Reincarnation is literally defined as “to be made flesh again.” The general idea (with a few exceptions) is that when your physical body perishes at the end of your life, a certain essence (called the soul, the spirit, the jiva, the atman, the self, the no-self, the I, and a whole lot of other names depending on where you’re from and what you believe) continues to exist in some sort of intangible, microscopic, or ethereal form, retaining the experiences and lessons learned from the life you’ve just led. This soul takes those experiences, as well as all it has experienced in all of the previous bodies it’s ever inhabited, and transfers them into the next body it inhabits.
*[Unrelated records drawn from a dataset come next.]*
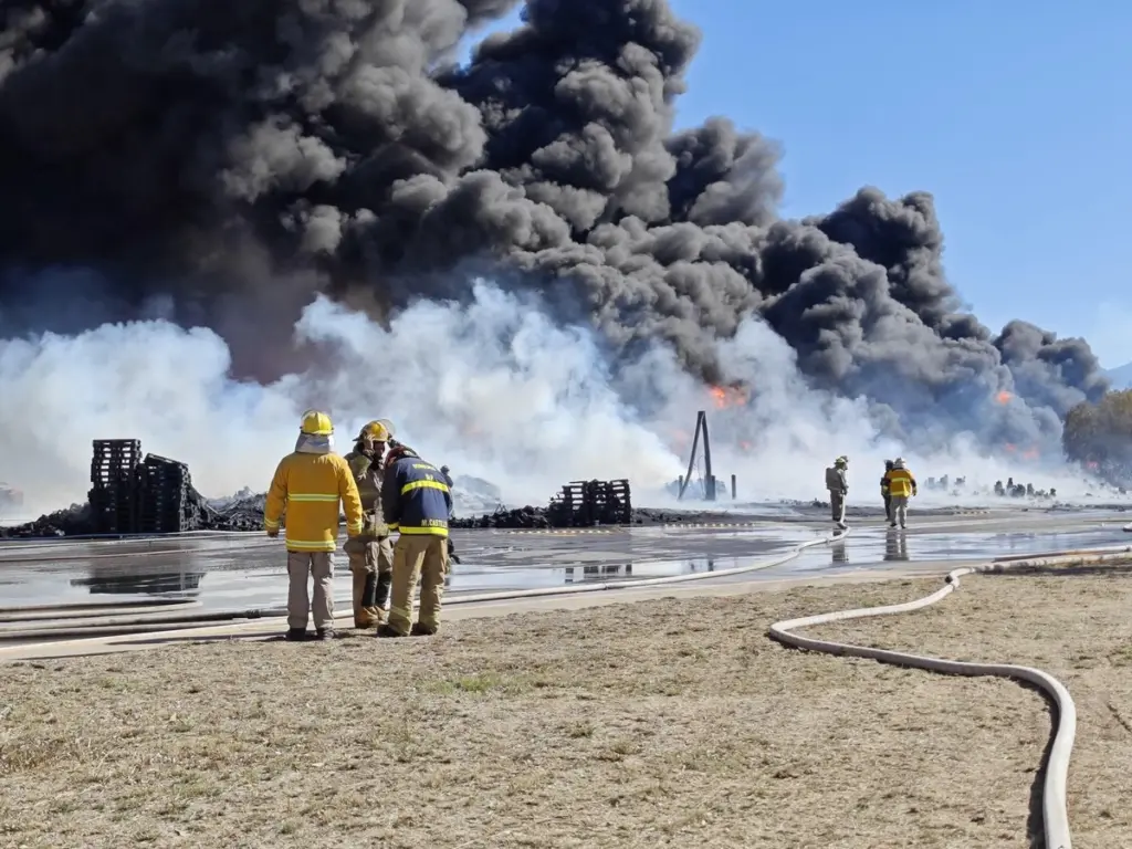 Múltiples dependencias estatales y municipales trabajan arduamente para sofocar el fuego en la planta industrial.
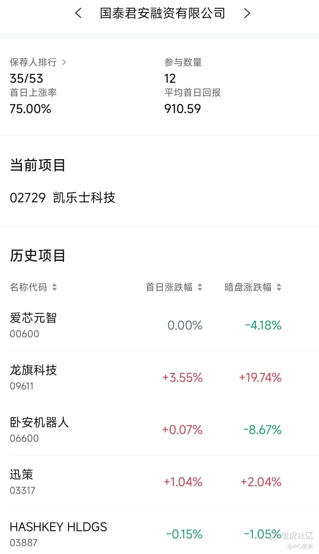 在国泰君安国际近2年保荐港股项目中,首日上涨率为75.00%,平均首日回报910.59港元。
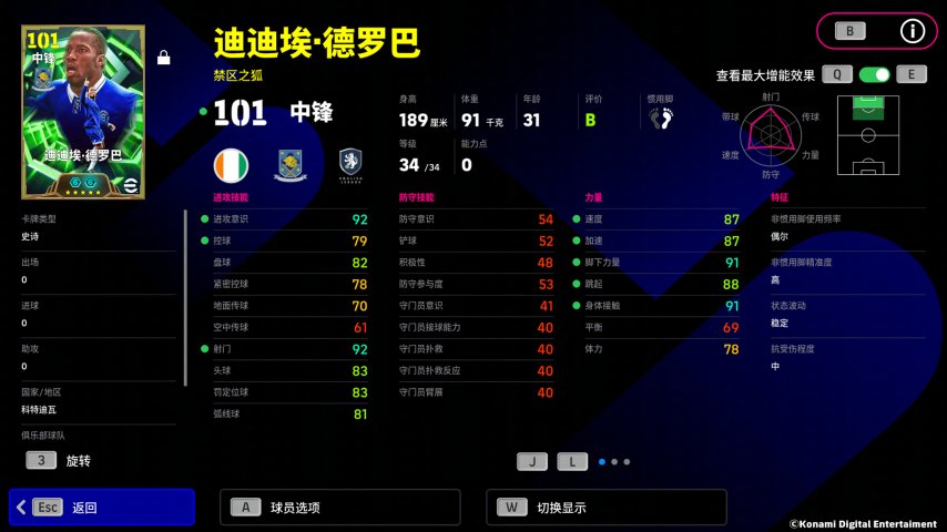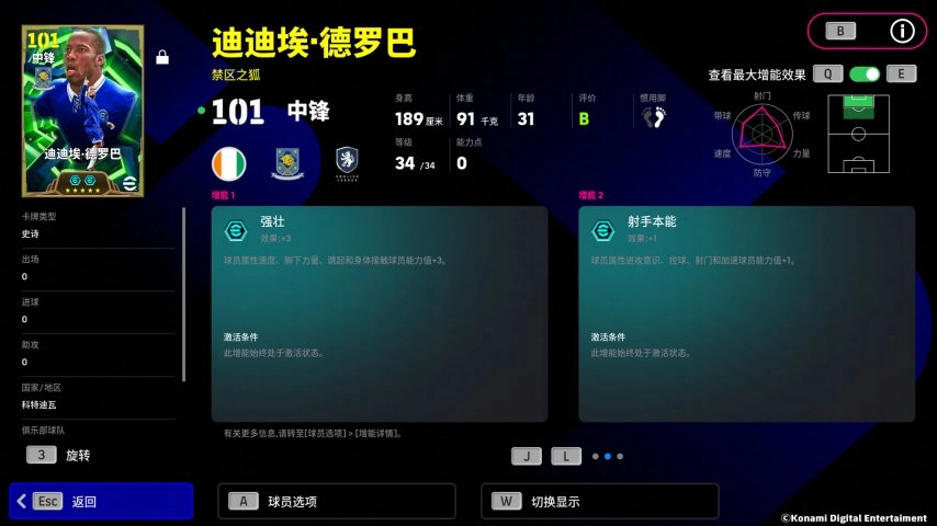 德罗巴的增能属性是【强壮 +3】,速度与身体接触的提升,让他那如同合金浇筑的身躯在进攻途中可以碾压所有阻碍!他拥有【无定型射门】的特殊技巧,即便背对球门,也能在转瞬之间拧身完成爆射破门!此外,他还自带【到位传球】的特殊技巧,总能送出手术刀般精准的传球,为队友创造得分良机!

In many belief systems, this soul continues to learn and evolve, becoming wiser and more enlightened with each incarnation, until eventually it “graduates” from the material world and is able to achieve nirvana, moksha, heaven, oneness with god, or that sort of thing.
There are all sorts of religions that base much of their teachings on a belief in reincarnation. Hinduism is one of the oldest and most widely recognized, first introducing the notion of reincarnation in writing in the Bhagavad Gita, which was written between 2100 and 2600 years ago. Hindu reincarnation incorporates the notion of Karma, which is defined as the sum total of one’s actions throughout the entire existence of that person’s soul. Whether you have built up good or bad karma determines what sort of a body you’re born into. Generally speaking, the more you learn and experience, and the better your karma, the higher level of a physical body you inhabit, beginning with, perhaps, some sort of small plant, and progressing through the animal kingdom until your soul inhabits a beetle, and then a mouse, and then maybe a lion, and then, finally, a human body. After many incarnations, you eventually realize that the material world isn’t all it’s cut out to be, and that the greatest type of existence is a spiritual existence. After lots more spiritual learning and concentration, you eventually leave the material world and, depending on what sort of Hindu school of thought you accept, either become absorbed into an eternal state of peace and happiness, inhabit heaven with god, or become a god yourself.
Buddhists, by contrast, don’t believe in an individual, independent soul that moves from body to body. Instead, they see the cycle of life as an endless continuum, in which we are all part of a universal and all-encompassing energy. While our energy moves from body to body and life to life without maintaining its individuality, the notion of rebirth is still relatively central to Buddhist philosophy; Buddha himself describes his many incarnations in his teachings, and Tibetan Buddhist monks believe that their deceased Lamas are often reborn as new individuals who will resume the role of their predecessors.
There are fringe sects of all major religions, as well as a wide berth of smaller religious groups that refer to reincarnation in some fashion. Plato and Pythagoras spoke of reincarnation in Greek history, Norse mythology mentions it, Ashkenazi and Orthodox Jews have written of it, Native American Inuits accept it as a central tenet of their spirituality, Gnostic and new age Christians believe it was taught in the early days of their faith, and various sufi Muslims interpret certain portions of the Koran as proof of the existence of past lives. Beyond these historic and/or wide-reaching ideologies, there is a host of smaller religious groups that base their convictions on some sort of reincarnation, from Scientologists to Anthroposophists to Theosophists.
Despite such wide-range and historic interest in reincarnation by all sorts of world religions, the western world’s large-scale curiosity in reincarnation is a fairly recent phenomenon. This is due in part to the apparent incompatibility between reincarnation and the dominant religion of the western world, Christianity: most Christians believe in the resurrection of the body of Jesus Christ and the ascent into heaven of all those who accept Christ as the son of god, and the notion of reincarnation might undermine or contradict these beliefs if they are interpreted strictly. Nonetheless, mass media has made significant steps in introducing the idea to western thought, as dozens of major motion pictures and popular books have been made about the subject, and reincarnation has been a major topic of discussion on radio and television talk shows, internet blogs, and the like. In the last fifty years some noteworthy scientific research has been done in an attempt to validate reincarnation, most prominently by Professor Ian Stevenson and Dr. Jim Tucker of the University of Virginia, who, over the course of their respective careers, recorded interviews with thousands of young children who recounted past lives and beginning in 1960 published numerous articles, studies, and books on their findings. There is much skepticism over this body of research in the scientific community, but notable scientists and researchers have at least allowed for the possibility of the existence of the phenomenon. Carl Sagan may have most famously summarized that reincarnation stands with certain ESP (extrasensory perception) phenomena as one of several “examples of contentions that might be true."